What makes Olberman’s rant even more problematic is his belief that any critique by the left of the Administration must not be answered at all. The very act of the Administration defending itself is a way to stifle dissent and put liberty in jeopardy. So despite being called a liar, a fascist, Hitler, a dictator, and any number of other charges made by liberals, the very act of answering their inanities proves their point.

Convenient, no?

And what happens when critics like Olberman put on their tin foil hats and go on national TV to spout nonsense like this:

Mr. Rumsfeld is also personally confused, morally or intellectually, about his own standing in this matter. From Iraq to Katrina, to the entire “Fog of Fear” which continues to envelop this nation, he, Mr. Bush, Mr. Cheney, and their cronies have — inadvertently or intentionally — profited and benefited, both personally, and politically.

That’s right. Olberman is saying that the President and Vice President of the United States may have personally profited from the war in Iraq. In other words, the President of the United States went to war to personally enrich himself.
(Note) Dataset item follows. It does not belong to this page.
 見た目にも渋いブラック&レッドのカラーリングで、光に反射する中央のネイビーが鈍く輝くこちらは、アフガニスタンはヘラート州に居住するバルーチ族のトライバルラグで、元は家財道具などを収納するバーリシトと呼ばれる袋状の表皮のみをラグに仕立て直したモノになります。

Note that he doesn’t say that, but only hints at it. Indeed, as with all the loony left conspiracy theories, they practice a technique used by salesmen to lead the customer to the “right” conclusion. Instead of saying “We went to war because Bush/Cheney are greedy, heartless bastards who wanted to personally get rich off the profits of Haliburton” they instead add a caveat (”inadvertently”) and leave the conclusion (Bush + War + Personal fortune) for the listener to finish. This has the virtue of making them sound almost reasonable - except when you take their logic to its obvious conclusion.
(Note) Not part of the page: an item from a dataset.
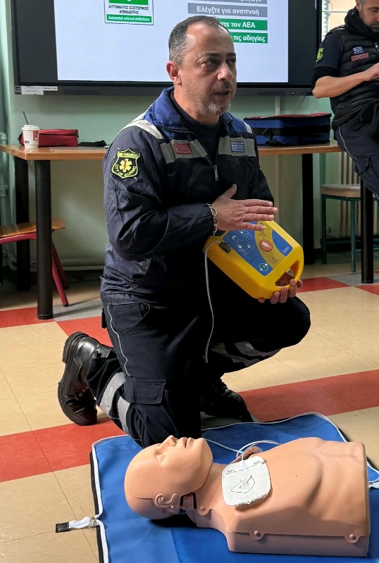 Εκ μέρους των μαθητών και του προσωπικού του σχολείου, θα ήθελα να εκφράσω τις θερμότερες ευχαριστίες όλων, προς τη Διοίκηση και το προσωπικό του ΕΚΑΒ, για την άμεση ανταπόκριση στο αίτημά μας για επιμόρφωση του προσωπικού του σχολείου μας σε θέματα πρώτων βοηθειών – ΚΑΡΠΑ και χρήση Αυτόματου Απινιδωτή.

Finally, Olberman uses an Edward R. Murrow quote to ostensibly prove his point about dissent. What he inadvertently ends up doing is proving that he is a certified idiot:

“We must not confuse dissent with disloyalty,” he said, in 1954. “We must remember always that accusation is not proof, and that conviction depends upon evidence and due process of law.

“We will not walk in fear, one of another. We will not be driven by fear into an age of unreason, if we dig deep in our history and our doctrine, and remember that we are not descended from fearful men, not from men who feared to write, to speak, to associate, and to defend causes that were for the moment unpopular.”

Perhaps Olberman should practice what he preaches:

“Mr. Bush, Mr. Cheney, and their cronies have — inadvertently or intentionally — profited and benefited, both personally, and politically” (from the war)…

There is not one iota of proof that Bush has personally profited from the war. But according to Murrow (Keith’s hero), we must remember that “accusation is not proof.” So why the accusation?

One must conclude that Olberman is either a blundering idiot or, like most lefties, so blinded by speaking truth to power that he simply can’t make the connection between Murrow’s words and his own off base, unproven, ridiculous charges.

I suppose we better get used to this idea that criticizing liberals for their stupidity on Iraq or the War on Terror is proof that we are slipping into a dictatorship. Of course, the criticism will continue which means that someday, liberals are going to have to declare that either they were wrong or that we actually live in full blown banana republic style dictatorship. Since the chances of liberals ever admitting they were wrong are about as good as bringing the dinosaurs back to life and the idea that we will ever slip into a dictatorship under Bush almost as far fetched, we can expect this meme, like so many others advanced by the left over the years, will fall by the wayside once they discover another avenue of attack.